[[ Supplied data, beginning ]]
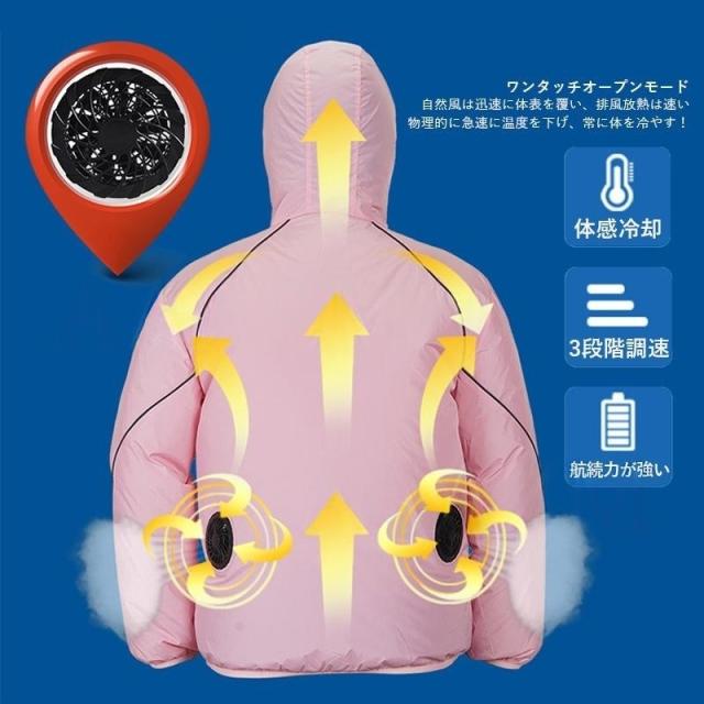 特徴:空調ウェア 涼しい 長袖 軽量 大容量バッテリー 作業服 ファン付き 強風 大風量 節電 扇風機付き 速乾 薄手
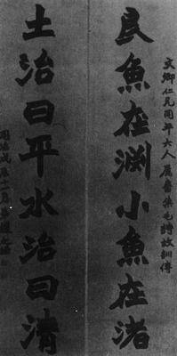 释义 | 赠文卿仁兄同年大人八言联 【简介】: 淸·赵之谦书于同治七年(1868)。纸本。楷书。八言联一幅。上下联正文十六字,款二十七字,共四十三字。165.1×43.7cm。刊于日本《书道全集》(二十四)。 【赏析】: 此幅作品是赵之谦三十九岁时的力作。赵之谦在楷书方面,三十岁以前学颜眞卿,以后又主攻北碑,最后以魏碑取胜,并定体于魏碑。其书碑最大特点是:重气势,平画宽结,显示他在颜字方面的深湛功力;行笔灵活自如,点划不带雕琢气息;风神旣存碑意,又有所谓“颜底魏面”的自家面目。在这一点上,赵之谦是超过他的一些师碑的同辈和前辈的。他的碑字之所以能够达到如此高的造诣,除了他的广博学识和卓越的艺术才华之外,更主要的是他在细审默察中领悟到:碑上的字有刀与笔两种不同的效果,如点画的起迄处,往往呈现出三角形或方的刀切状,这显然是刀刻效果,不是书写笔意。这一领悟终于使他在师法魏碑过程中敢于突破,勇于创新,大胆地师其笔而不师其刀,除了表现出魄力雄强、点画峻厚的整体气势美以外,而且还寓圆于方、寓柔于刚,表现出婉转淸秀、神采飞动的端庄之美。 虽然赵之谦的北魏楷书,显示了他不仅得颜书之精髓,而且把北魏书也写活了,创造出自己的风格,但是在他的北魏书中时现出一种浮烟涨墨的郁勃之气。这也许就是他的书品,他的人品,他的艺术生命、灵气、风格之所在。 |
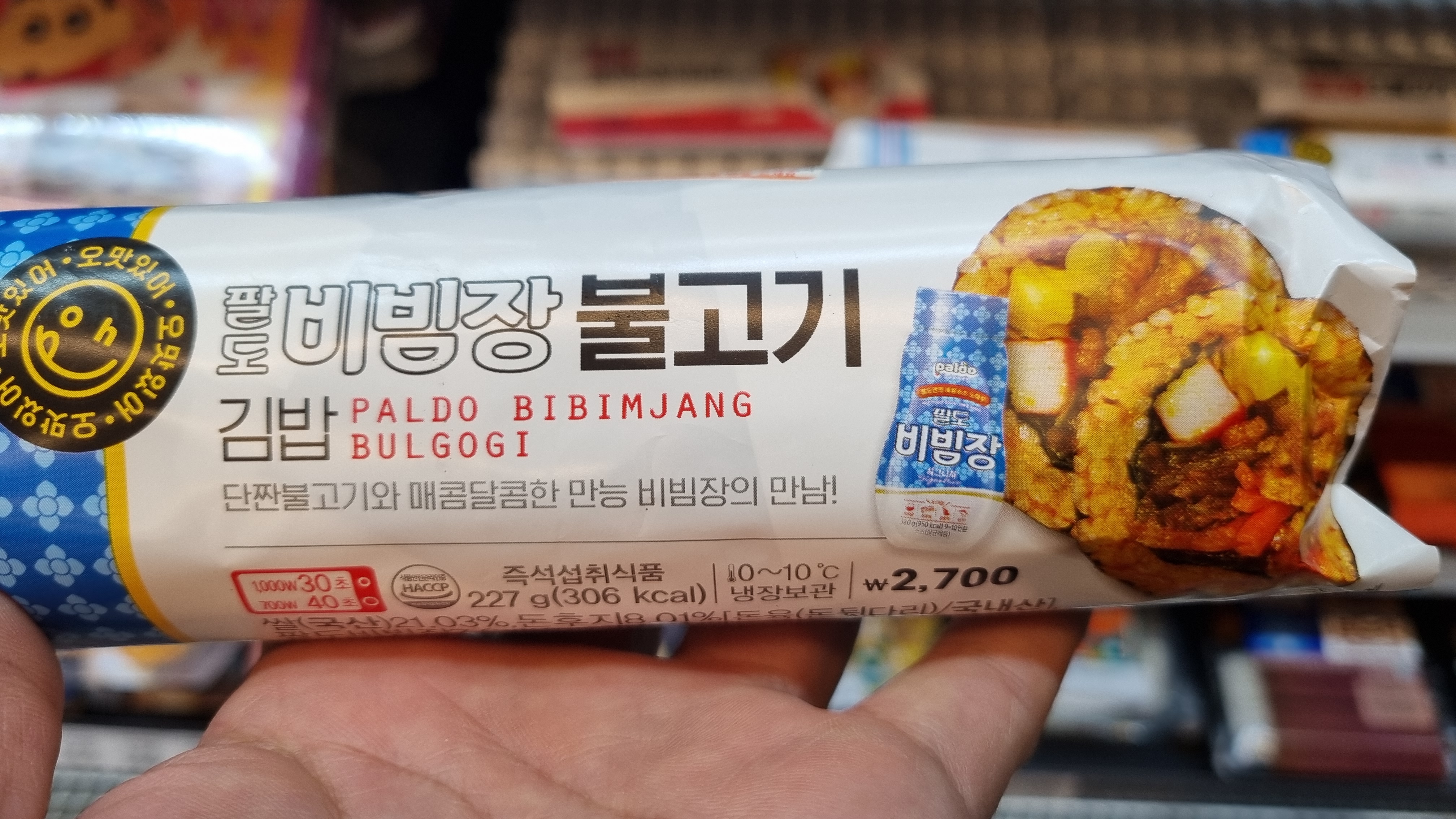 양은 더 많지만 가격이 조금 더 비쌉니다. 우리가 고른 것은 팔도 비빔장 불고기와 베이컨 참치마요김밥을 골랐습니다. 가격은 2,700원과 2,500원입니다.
[[ Supplied data, end ]]
[[ Supplied data, beginning ]]
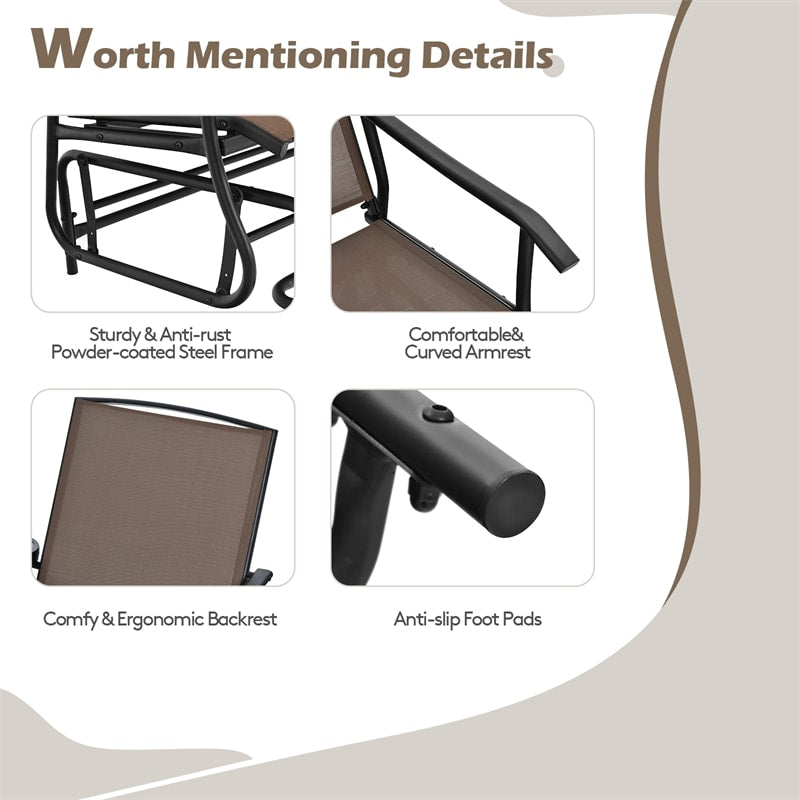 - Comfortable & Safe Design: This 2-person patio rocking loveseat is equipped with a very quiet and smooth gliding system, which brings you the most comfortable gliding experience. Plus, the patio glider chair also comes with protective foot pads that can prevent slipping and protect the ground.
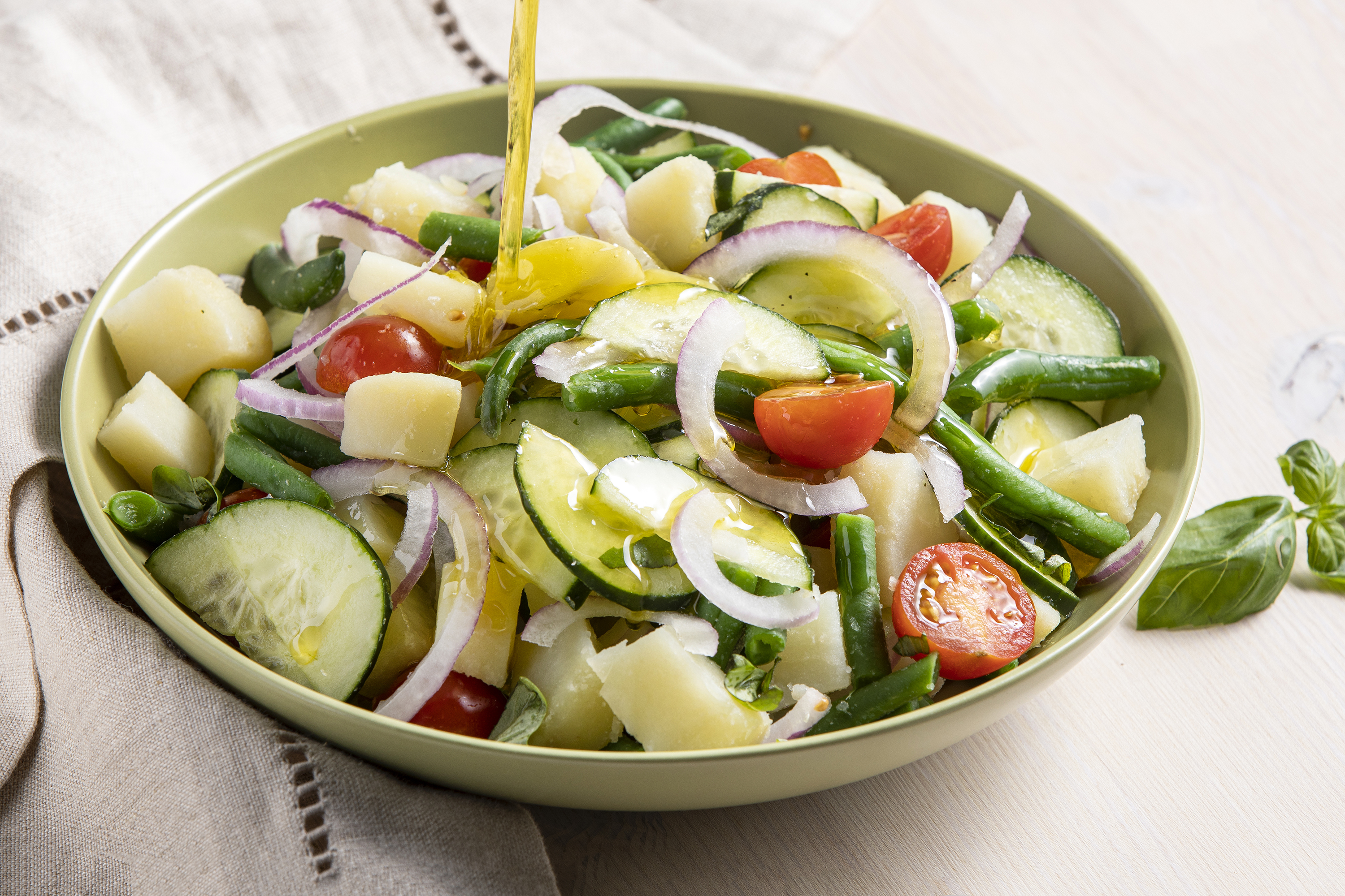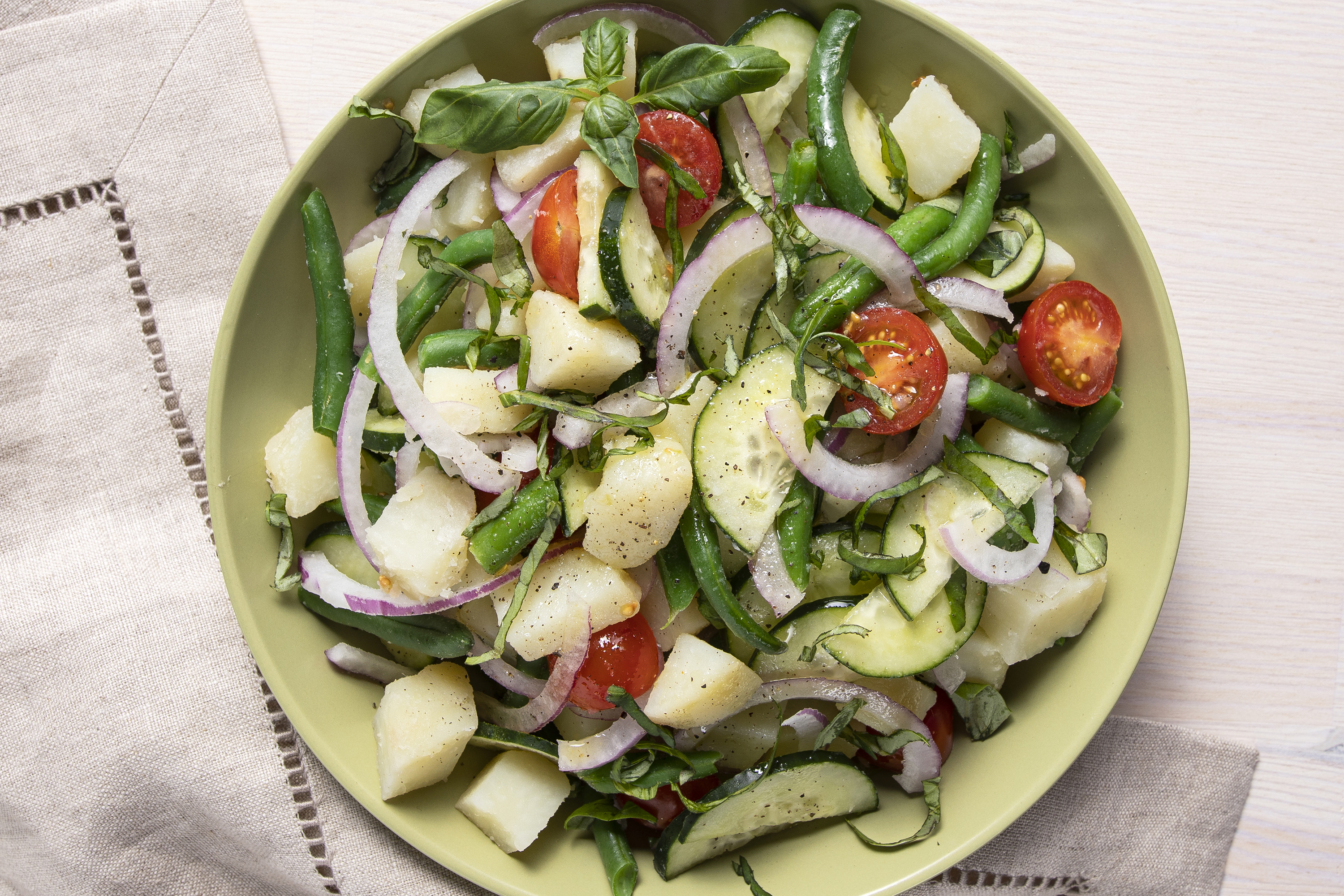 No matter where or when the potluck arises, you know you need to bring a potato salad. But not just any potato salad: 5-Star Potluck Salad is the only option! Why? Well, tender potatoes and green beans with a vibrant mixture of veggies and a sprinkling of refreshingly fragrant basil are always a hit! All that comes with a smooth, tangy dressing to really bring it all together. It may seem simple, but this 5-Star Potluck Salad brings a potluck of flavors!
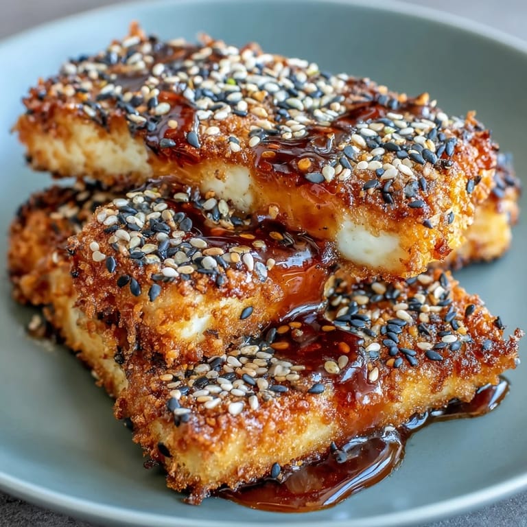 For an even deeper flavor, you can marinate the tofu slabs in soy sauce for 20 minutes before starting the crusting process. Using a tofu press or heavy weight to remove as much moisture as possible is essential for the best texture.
[[ Supplied data, end ]]
Work instructions :: Leaving pictures out, output the lines of the data above from the one with "- Comfortable &" through the one with "For an even", word for word.

Solution for this problem ::
 - Comfortable & Safe Design: This 2-person patio rocking loveseat is equipped with a very quiet and smooth gliding system, which brings you the most comfortable gliding experience. Plus, the patio glider chair also comes with protective foot pads that can prevent slipping and protect the ground.
 No matter where or when the potluck arises, you know you need to bring a potato salad. But not just any potato salad: 5-Star Potluck Salad is the only option! Why? Well, tender potatoes and green beans with a vibrant mixture of veggies and a sprinkling of refreshingly fragrant basil are always a hit! All that comes with a smooth, tangy dressing to really bring it all together. It may seem simple, but this 5-Star Potluck Salad brings a potluck of flavors!
 For an even deeper flavor, you can marinate the tofu slabs in soy sauce for 20 minutes before starting the crusting process. Using a tofu press or heavy weight to remove as much moisture as possible is essential for the best texture.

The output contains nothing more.